1
Define the role type and reporting structure
Decide whether the role is internal or external audit, the seniority level, and the dual reporting line — administrative (to CFO or VP Finance) and functional (to Audit Committee). Enter these clearly at the top of the template.
💡 The functional reporting line to the Audit Committee is non-negotiable for SOX-compliant internal audit roles — confirm this with your board before drafting.
2
Write the purpose and scope statement
Define the objective of the role in one to two sentences and specify which business units, processes, or geographies fall within the auditor's mandate. Use specific language rather than 'all company activities.'
💡 Scoping the role to specific risk areas (financial reporting, IT systems, operational compliance) attracts more qualified candidates than a catch-all description.
3
List duties with output-level specificity
For each duty, state the deliverable — not just the activity. 'Prepares audit reports with findings, root-cause analysis, and management recommendations' is more useful than 'conducts audits.'
💡 Limit the duties list to 8–12 items. More than 12 signals scope creep and will deter experienced auditors who recognize an overloaded role.
4
Set minimum and preferred qualifications separately
Separate hard requirements (e.g., bachelor's degree, 3 years of audit experience) from preferred qualifications (e.g., CIA certification, SAP proficiency). Conflating the two either over-filters or under-filters the applicant pool.
💡 Check current labor market data for your geography before setting certification requirements — demanding a CIA for a role paying below the median CIA salary will result in a long vacancy.
5
Include the independence and conflict of interest clause
State the independence standard explicitly and specify the disclosure obligation — what the auditor must report, to whom, and within what timeframe. Reference the organization's existing code of ethics or auditor independence policy.

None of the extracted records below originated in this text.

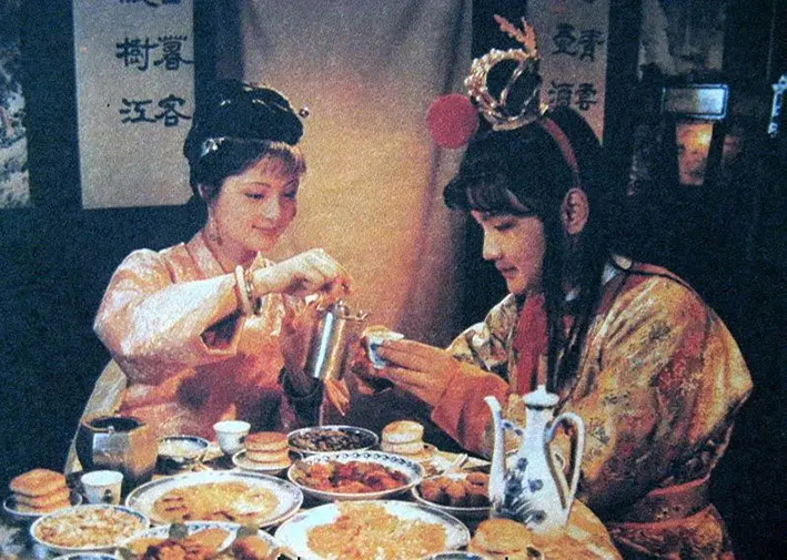 《红楼梦》里为人津津乐道的“聚餐”至少有两次:一是林黛玉刚进贾府的第一顿饭,那顿饭“连一声咳嗽不闻”,黛玉小心翼翼地学豪门餐桌礼仪,改了饭后“过一时再喝茶”的习惯;二是刘姥姥二进荣国府得了贾母眼缘,嬉游大观园,在缀锦阁吃酒行令的那顿饭,刘姥姥以“老刘老刘,食量大如牛。吃个老母猪,不抬头”的喜剧效果让黛玉笑岔了气。两顿饭可谓一静一动,一庄一谐。其实,还有一顿不同寻常的聚餐在宝黛钗第一次聚首时上演了。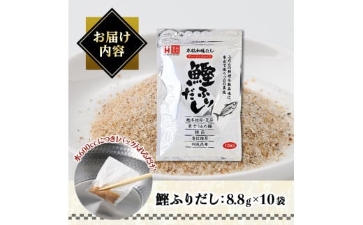 <ポスト投函でお届け>鰹ふりだし(計88g・8.8g×10袋) だしパック 出汁パック 出汁 粉 ダシ 調味料 さば サバ 鯖 椎茸 しいたけ 煮干し 鰯 イワシ 鰹 鰹節 かつお節 昆布 こんぶ 味噌汁 鍋 個包装 小分け 常温 常温保存【ksg1589】【宝山九州】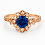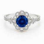 Floral 1.30 Ct Round Blue Sapphire Halo Engagement Ring
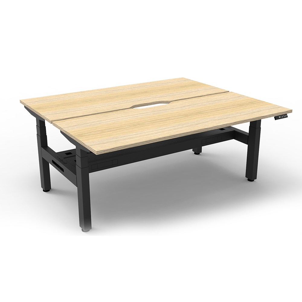 The entire Boost+ range has now been performance tested and is compliant to the AFRDI standards for general safety, strength, durability and stability in all sizes and configurations based on AS/NZS 4442:201. Unit Dimension: 1500mm W x 1500mm D x 1330mm H (Overall). Per User: 1500mm W x 750mm D. Desk Height: 620-1270mm H. Smooth and quiet adjustment at 38mm per second. Min Digital control panel with 3 pre-set positions, LED display panel, keypad safety lock and reminder alarm setting. Natural Oak coloured worksurface with 750mm depth top. 50mm D scallop cut out to rear. Back to Back Workstation with Cable Tray. Dual Motor 3 stage motorised legs. 140kg weight loading capacity. 10 Year Manufacturer's Warranty. Delivery, installation and assembly charges may apply to furniture. Please enquire to confirm.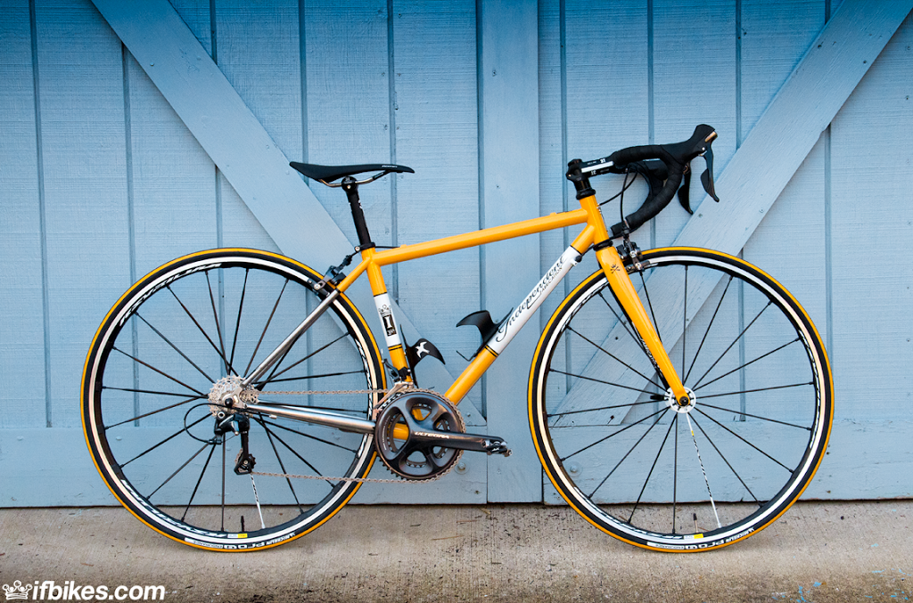 This Stainless Steel Road bike (SSR) was built for our very own graphics ninja, Ryan. The frame is drenched in freshly squeezed “Tangerine Scream” (by Ford – a perfect middle ground between orange and yellow) with crisp White panels and bold Black graphics. An inside/outside fork treatment reveals ENVE’s natural carbon goodness. Zesty!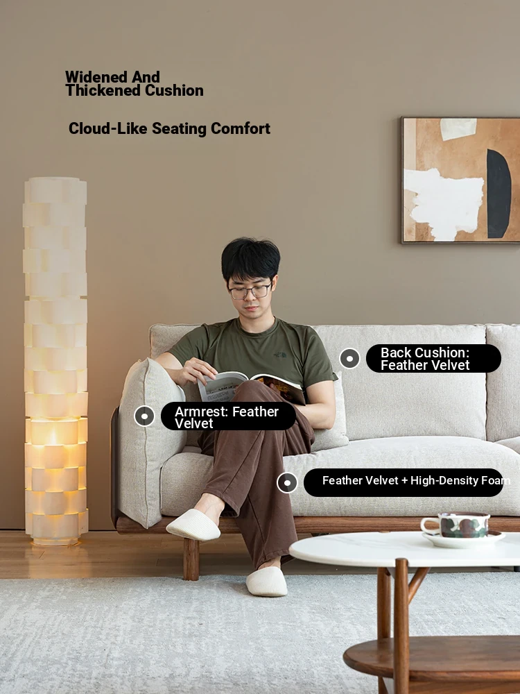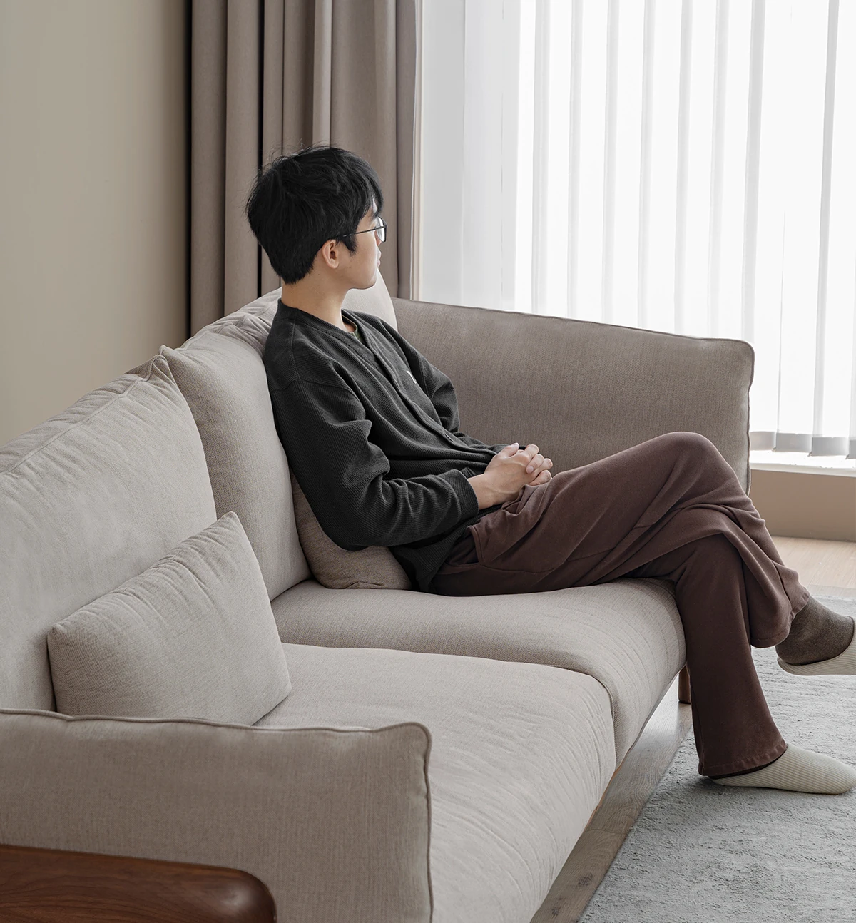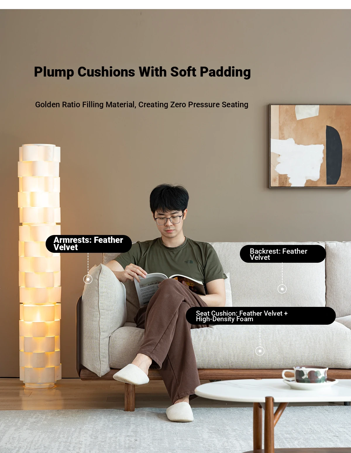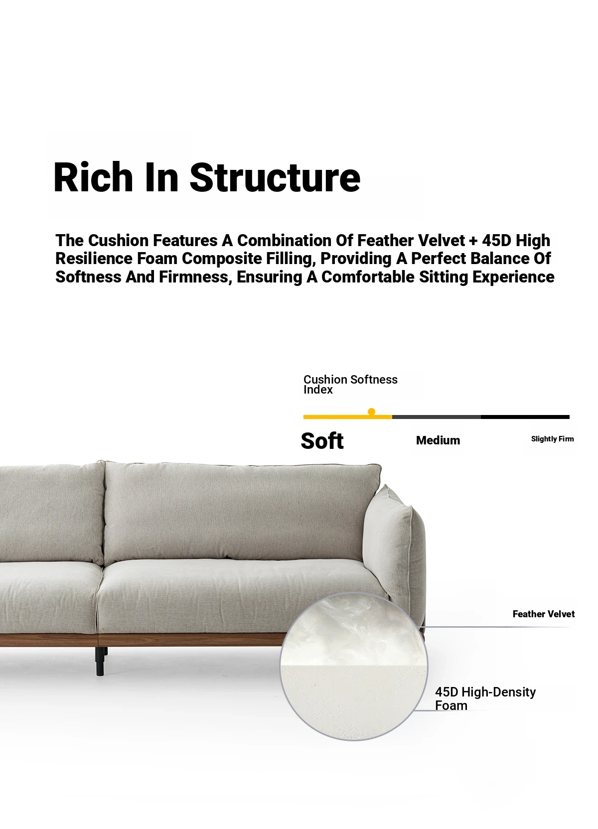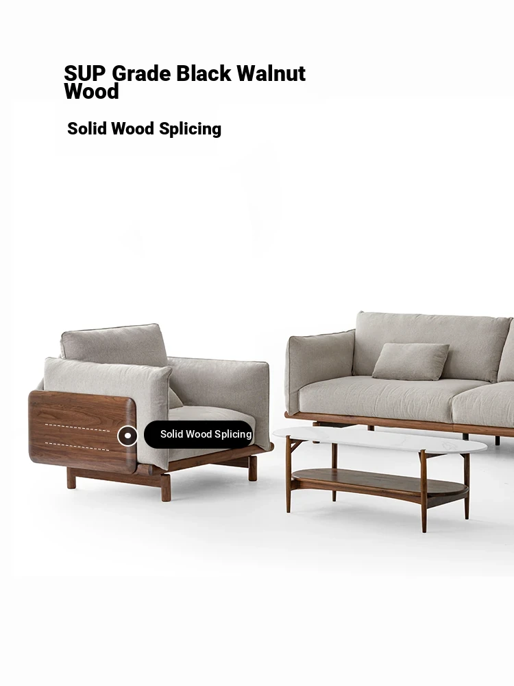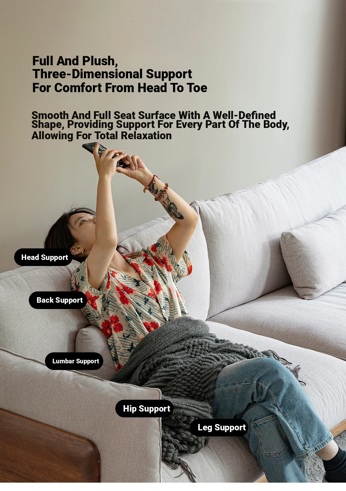 Nordic Style Solid Wood Fabric Sofa - Walnut Finish, Minimalist 3-Seater Living Room Combination by Liangnian Furniture - Perfect for Modern Homes
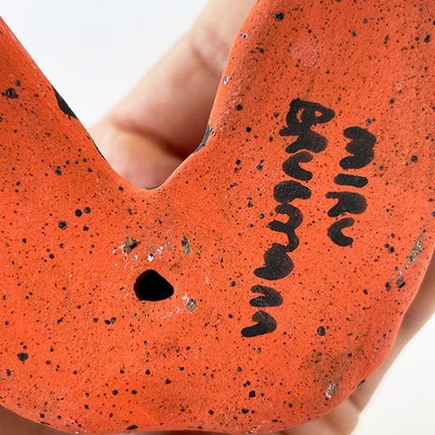 Hand-sculpted mask bisque-fired, and decorated with slips, before being fired a second time at 1220 degrees.
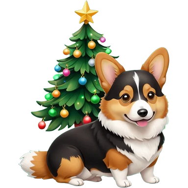black tricolor corgi with no tail and christmas tree next to it emoji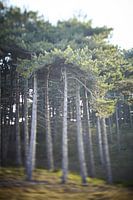 Nederlandse bos in de duinen gefotografeerd bij Parnassia tijdens zonsopkomst. Gouden uur, zonsopkomst. Gouden bomen, zonlicht, tilt-shift effect, abstracte onscherpte. Mooi tegenlicht in het bos middenin de nederlandse natuur. Een landschapsfoto van een mooi bos. Scherpte verloop. Sprookjes bos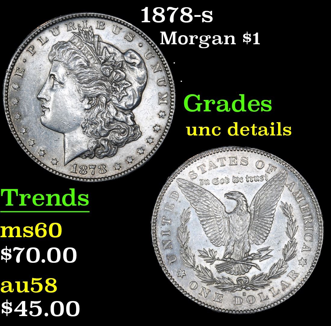 1878-s Morgan Dollar $1 Grades Unc Details. Slightly better date. First year of issue.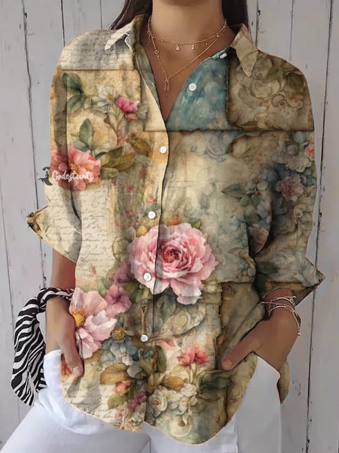 Women's casual retro floral print shirt
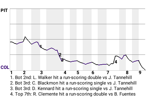 Colorado designated hitter Dan Kennard contributed a timely at-bat in the bottom of the third. With two down, he hit a changeup to center field for a run-scoring single. It was his 50th hit of the season and put the Rockies ahead, 3-0.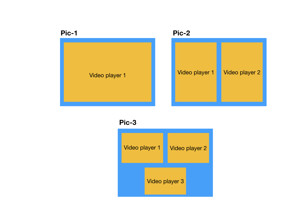 在变焦会议或信使会议中,每个参与者的视频容器动态获取高度和宽度。考虑到下面的图片,假设蓝色框是主要的容器-如果只有一个参与者,我需要给他/她(视频播放器1)的全部宽度和高度。

💡 If your organization is publicly traded or preparing for a public offering, have legal counsel confirm this clause aligns with SEC and PCAOB independence requirements before posting.
6
Add measurable performance standards
Include three to five KPIs tied to audit plan completion rate, report turnaround time, and finding remediation rate. Reference the IIA International Standards as the professional benchmark.
💡 Make the KPIs achievable in Year 1 — setting a 95% audit plan completion target for a new hire building the function from scratch sets them up to fail in their first review cycle.
7
Review compensation band and FLSA classification
Confirm the salary band reflects current market rates for the role's seniority and geography. Verify FLSA exempt status applies — most professional auditors qualify, but hourly or junior roles may not.
💡 Pull compensation data from at least two sources (e.g., Robert Half Salary Guide and IIA salary survey) before finalizing the band to ensure it is competitive and defensible.
8
Obtain signatures before the role is posted or filled
Have HR, the hiring manager, and legal or compliance sign off on the final job description before it goes live or is attached to an offer letter. File the signed version in the employee's personnel record upon hire.
💡 A countersigned job description acknowledged by the employee at onboarding reduces duty-scope disputes and supports performance management documentation down the line.